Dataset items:
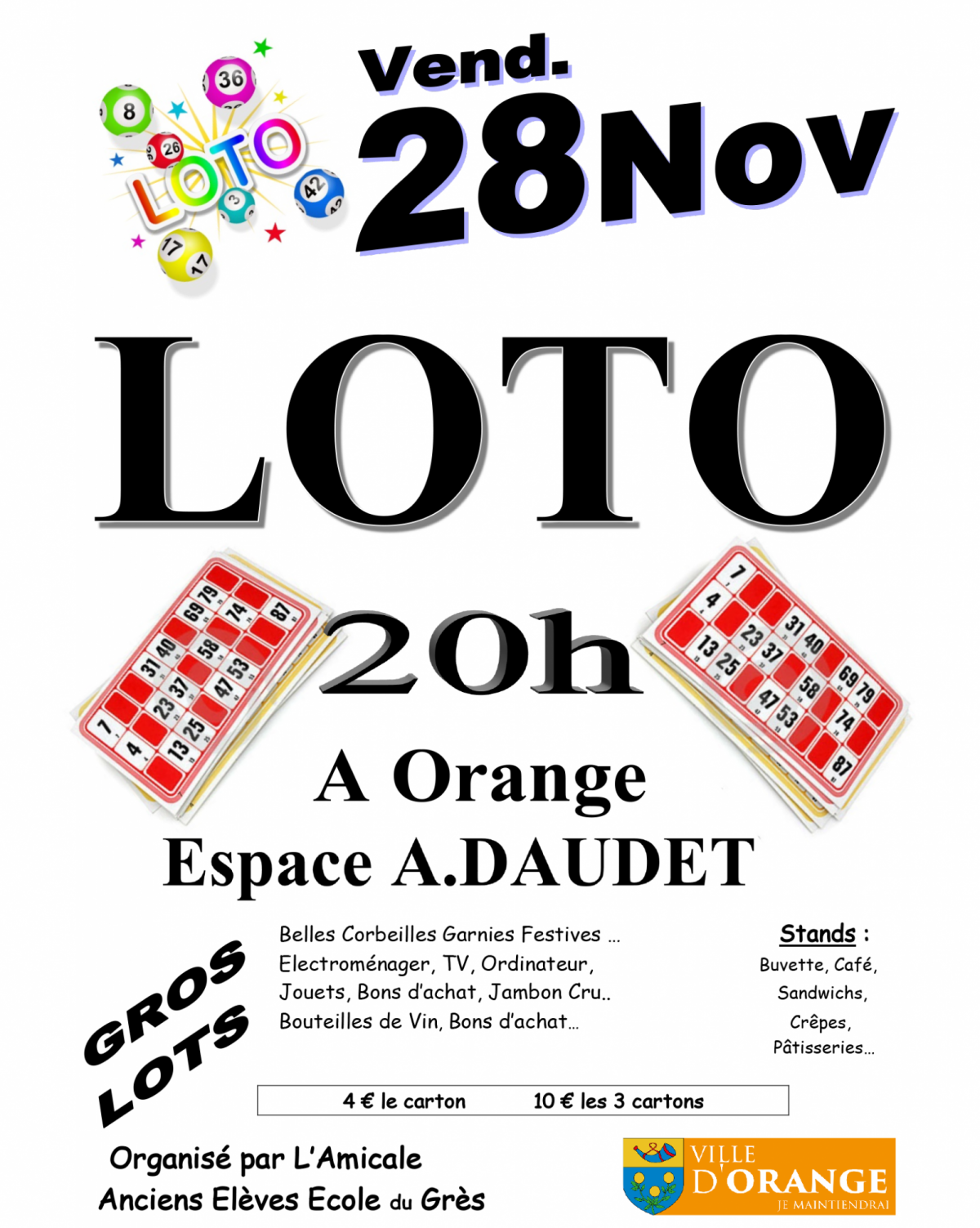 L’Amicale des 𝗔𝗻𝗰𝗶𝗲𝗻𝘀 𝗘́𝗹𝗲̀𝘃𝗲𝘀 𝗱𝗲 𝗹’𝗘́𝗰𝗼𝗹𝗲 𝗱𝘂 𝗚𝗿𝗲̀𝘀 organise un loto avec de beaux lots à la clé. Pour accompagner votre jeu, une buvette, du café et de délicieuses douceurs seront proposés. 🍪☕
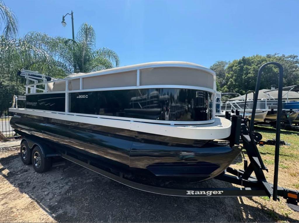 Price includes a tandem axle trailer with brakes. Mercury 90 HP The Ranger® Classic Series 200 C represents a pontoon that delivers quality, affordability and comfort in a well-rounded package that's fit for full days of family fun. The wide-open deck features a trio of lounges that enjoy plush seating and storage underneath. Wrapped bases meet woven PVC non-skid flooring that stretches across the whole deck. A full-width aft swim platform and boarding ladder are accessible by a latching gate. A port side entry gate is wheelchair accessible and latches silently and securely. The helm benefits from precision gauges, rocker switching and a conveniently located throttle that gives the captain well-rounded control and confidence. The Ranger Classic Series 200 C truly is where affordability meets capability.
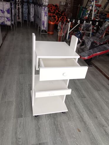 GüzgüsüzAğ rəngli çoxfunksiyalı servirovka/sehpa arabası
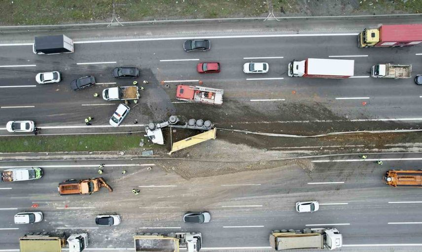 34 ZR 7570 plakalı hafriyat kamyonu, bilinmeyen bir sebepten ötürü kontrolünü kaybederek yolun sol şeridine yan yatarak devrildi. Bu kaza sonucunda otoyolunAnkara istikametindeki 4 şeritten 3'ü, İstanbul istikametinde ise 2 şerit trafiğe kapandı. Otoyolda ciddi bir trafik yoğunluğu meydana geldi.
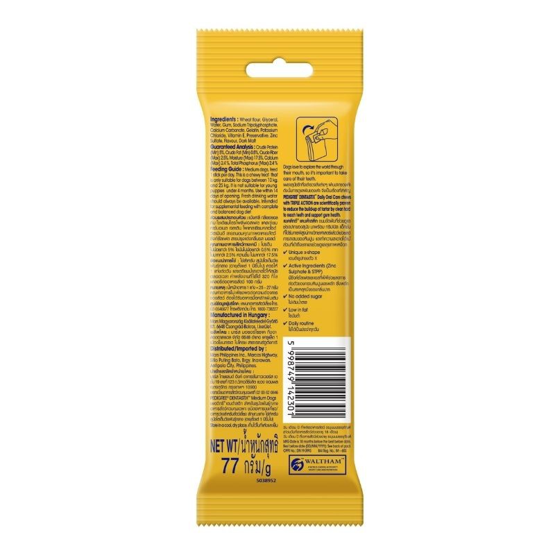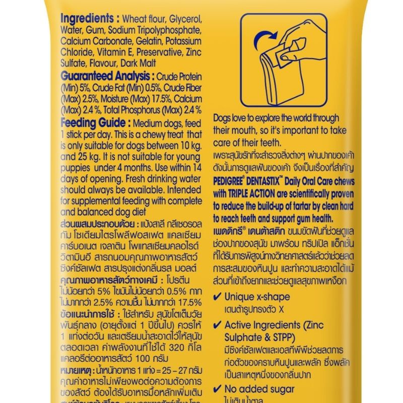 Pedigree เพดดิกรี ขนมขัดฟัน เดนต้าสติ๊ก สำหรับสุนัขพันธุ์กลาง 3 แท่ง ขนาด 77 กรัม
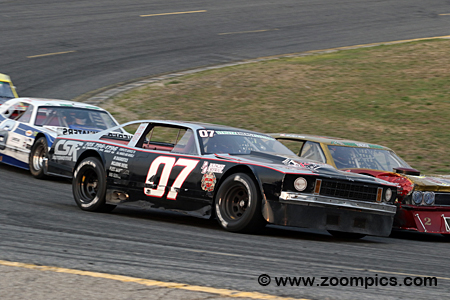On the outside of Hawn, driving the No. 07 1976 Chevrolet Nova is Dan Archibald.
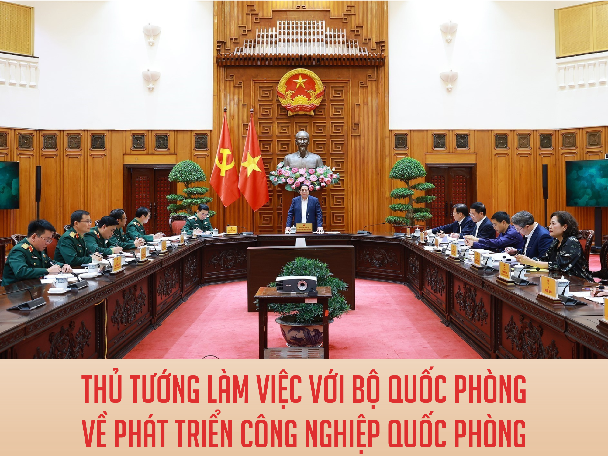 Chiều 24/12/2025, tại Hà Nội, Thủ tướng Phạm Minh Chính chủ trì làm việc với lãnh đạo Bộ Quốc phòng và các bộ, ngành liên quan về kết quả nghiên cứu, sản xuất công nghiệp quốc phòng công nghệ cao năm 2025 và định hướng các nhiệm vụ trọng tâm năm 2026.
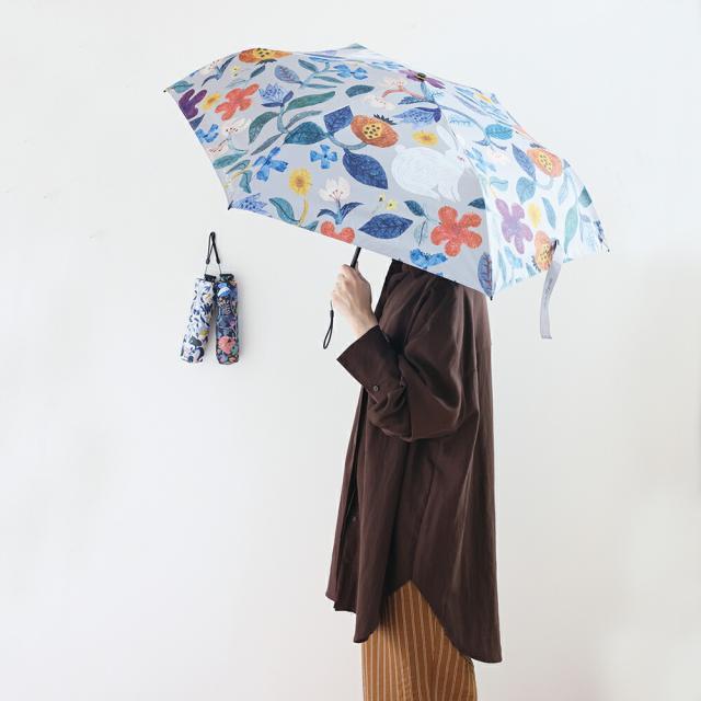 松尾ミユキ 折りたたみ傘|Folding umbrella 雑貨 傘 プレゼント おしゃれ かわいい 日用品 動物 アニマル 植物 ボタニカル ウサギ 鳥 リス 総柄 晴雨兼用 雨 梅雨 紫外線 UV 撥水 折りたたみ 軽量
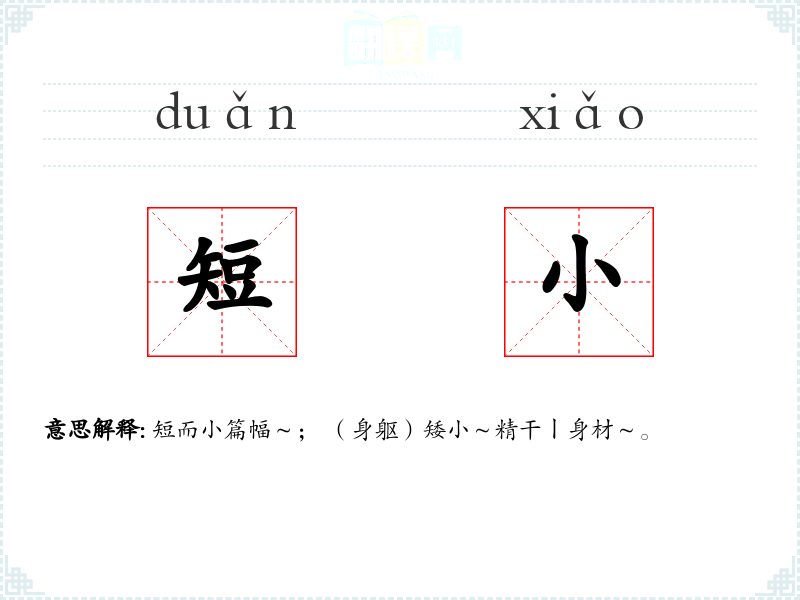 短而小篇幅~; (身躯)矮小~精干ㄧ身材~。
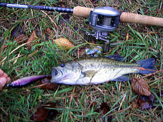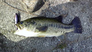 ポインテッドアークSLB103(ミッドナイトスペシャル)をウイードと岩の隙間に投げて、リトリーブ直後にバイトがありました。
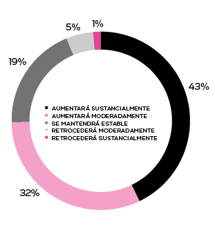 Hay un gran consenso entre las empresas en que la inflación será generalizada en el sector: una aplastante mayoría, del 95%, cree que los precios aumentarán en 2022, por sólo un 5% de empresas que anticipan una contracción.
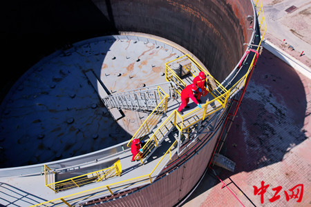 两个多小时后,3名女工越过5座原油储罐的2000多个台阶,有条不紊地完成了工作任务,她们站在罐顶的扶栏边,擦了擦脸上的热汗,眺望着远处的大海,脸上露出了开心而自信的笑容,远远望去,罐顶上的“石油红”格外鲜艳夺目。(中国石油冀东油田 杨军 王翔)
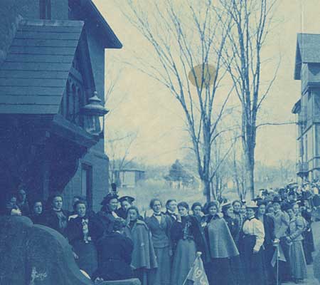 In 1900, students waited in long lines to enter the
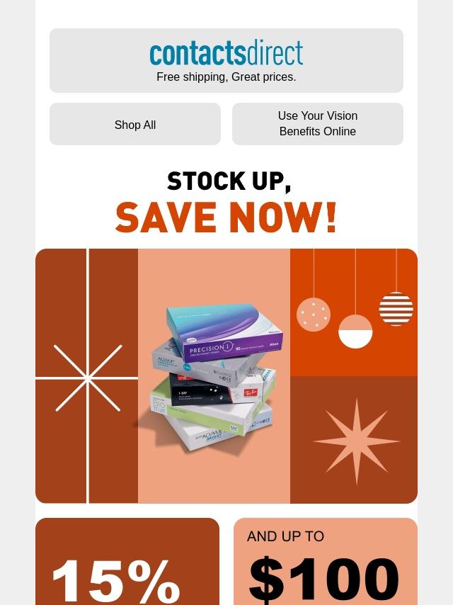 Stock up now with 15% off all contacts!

= TASK OBJECTIVE =
All lines from the one containing "Chiều 24/12/2025, tại" through the end of the data are to be written out exactly, with nothing added; skip the pictures.

= ANSWER FOR THIS EXERCISE =
 Chiều 24/12/2025, tại Hà Nội, Thủ tướng Phạm Minh Chính chủ trì làm việc với lãnh đạo Bộ Quốc phòng và các bộ, ngành liên quan về kết quả nghiên cứu, sản xuất công nghiệp quốc phòng công nghệ cao năm 2025 và định hướng các nhiệm vụ trọng tâm năm 2026.
 松尾ミユキ 折りたたみ傘|Folding umbrella 雑貨 傘 プレゼント おしゃれ かわいい 日用品 動物 アニマル 植物 ボタニカル ウサギ 鳥 リス 総柄 晴雨兼用 雨 梅雨 紫外線 UV 撥水 折りたたみ 軽量
 短而小篇幅~; (身躯)矮小~精干ㄧ身材~。
 ポインテッドアークSLB103(ミッドナイトスペシャル)をウイードと岩の隙間に投げて、リトリーブ直後にバイトがありました。
 Hay un gran consenso entre las empresas en que la inflación será generalizada en el sector: una aplastante mayoría, del 95%, cree que los precios aumentarán en 2022, por sólo un 5% de empresas que anticipan una contracción.
 两个多小时后,3名女工越过5座原油储罐的2000多个台阶,有条不紊地完成了工作任务,她们站在罐顶的扶栏边,擦了擦脸上的热汗,眺望着远处的大海,脸上露出了开心而自信的笑容,远远望去,罐顶上的“石油红”格外鲜艳夺目。(中国石油冀东油田 杨军 王翔)
 In 1900, students waited in long lines to enter the
 Stock up now with 15% off all contacts!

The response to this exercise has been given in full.